Unleashing Low-Bit Inference on Ascend NPUs: A Comprehensive Evaluation of HiFloat Formats

Imagine you have a massive library of books (these are Large Language Models or LLMs, like the ones powering advanced AI). These books are so huge that they don't fit on a single bookshelf; they require a whole warehouse. To make them easier to carry and read quickly, we need to shrink them down. This process is called Quantization.

Think of quantization like compressing a high-resolution photo into a smaller file size. You want to make it small enough to fit in your pocket without losing the details that make the picture recognizable.

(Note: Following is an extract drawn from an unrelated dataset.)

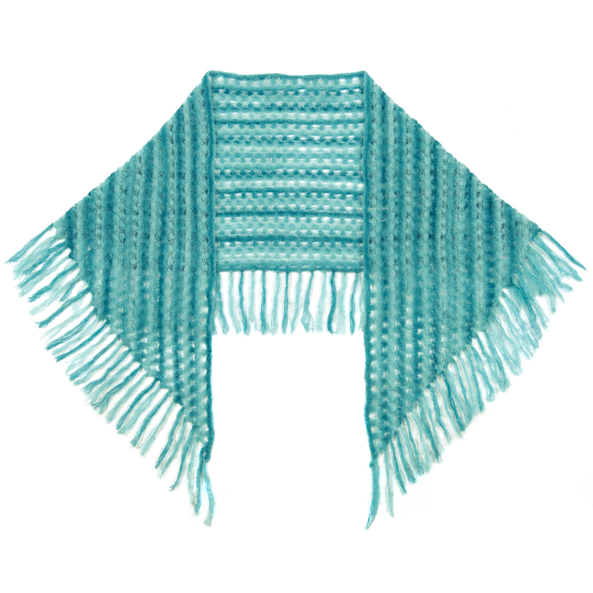 Lana Grossa Setasuri Dégradé (69% alpacka (Suri), 31% silke, löplängd 424 m/50 g), 150 g pastellturkos/mint/petrol (färg 106); stickor nr. 3,5 och 1 virknål nr. 3,5.

For a long time, the standard way to shrink these AI models was to use Integers (whole numbers like 1, 2, 3). It's like trying to describe a painting using only a limited palette of solid blocks of color. It works well for simple shapes, but when the painting has subtle gradients, shadows, or sudden bright flashes (what AI researchers call "outliers"), the integer method gets blurry.

The Problem: The "One-Size-Fits-All" Trap

The paper argues that as AI models get smarter, they become more chaotic. Their data has wild swings—sometimes very small numbers, sometimes huge spikes.

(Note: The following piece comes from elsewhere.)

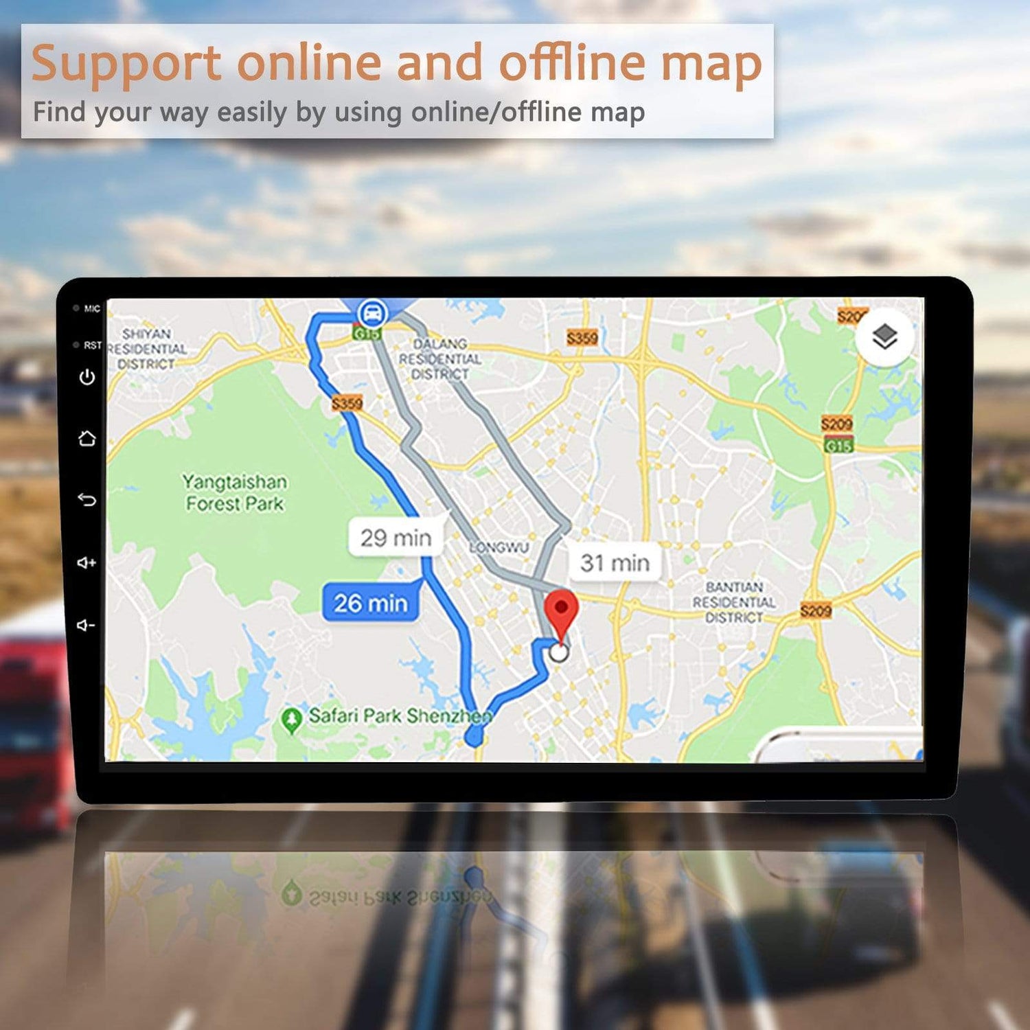 Binize 10.1 Inch Android 9.1 Double Din Stereo with Bluetooth/FM Radio/GPS Navigation,Support Reversing Image Input and Steering Wheel Control,Both Android and Iphones Mirrorlink,Bluetooth

Integers (INT8/INT4) are like a ruler with evenly spaced marks. If you try to measure a tiny ant and a giant elephant with the same ruler, you either lose the detail of the ant or run out of room for the elephant.
Floating-Point (FP) formats are like a zoomable lens. They can focus on tiny details or zoom out to see huge things, but they can be inefficient if you don't need that much zoom.

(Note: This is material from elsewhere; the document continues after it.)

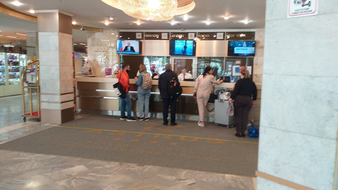 Хорошая гостиница. Шведский стол. Есть несколько ресторанов, кафе. Шесть лифтов. Уборка номеров каждый день. На первом этаже Маркет, озон, парикмахерская, аптека и т.д. Есть своя парковка
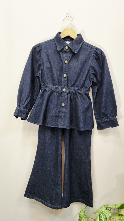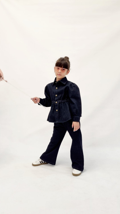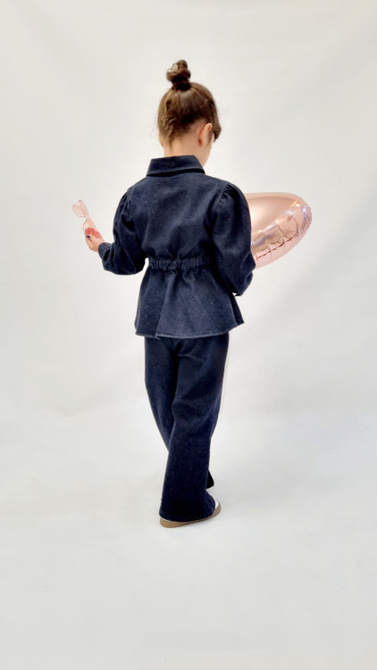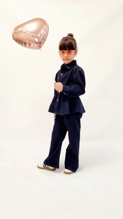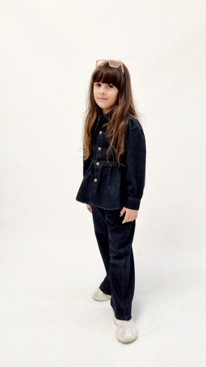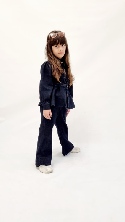 ست کت و شلوار جین دخترانه سورمه ای تیره

The Solution: HiFloat (The "Smart Shrinker")

The authors from Huawei introduce a new family of formats called HiFloat (specifically HiF8 and HiF4). Think of HiFloat as a smart, adaptive suitcase designed specifically for the Huawei Ascend NPU chips (the hardware the AI runs on).

Here is how it works, broken down by the paper's findings:

1. The 8-Bit Version (HiF8): The "Specialized Tool"

When we shrink the model to 8 bits (a moderate compression):

Weights (The static knowledge): The paper found that for the "static" parts of the AI (the weights, which are like the facts the AI has memorized), the old-school Integer method is actually better. Why? Because the facts are usually clustered in a narrow range. Using a fancy zoom lens (floating point) here is like using a sledgehammer to crack a nut; it wastes space on features you don't need.
Activations (The dynamic thoughts): When the AI is actually thinking and processing a sentence, the numbers swing wildly. Here, HiF8 shines. Its "zoom lens" ability handles the sudden spikes in data much better than the rigid integer ruler.

Analogy: Imagine packing for a trip.

Weights are your clothes: They are predictable. A standard suitcase (Integer) works best.
Activations are your luggage during a chaotic airport rush: Things are flying everywhere. You need a flexible, expandable bag (HiF8) that can stretch to fit the chaos.

2. The 4-Bit Version (HiF4): The "Hierarchical Masterpiece"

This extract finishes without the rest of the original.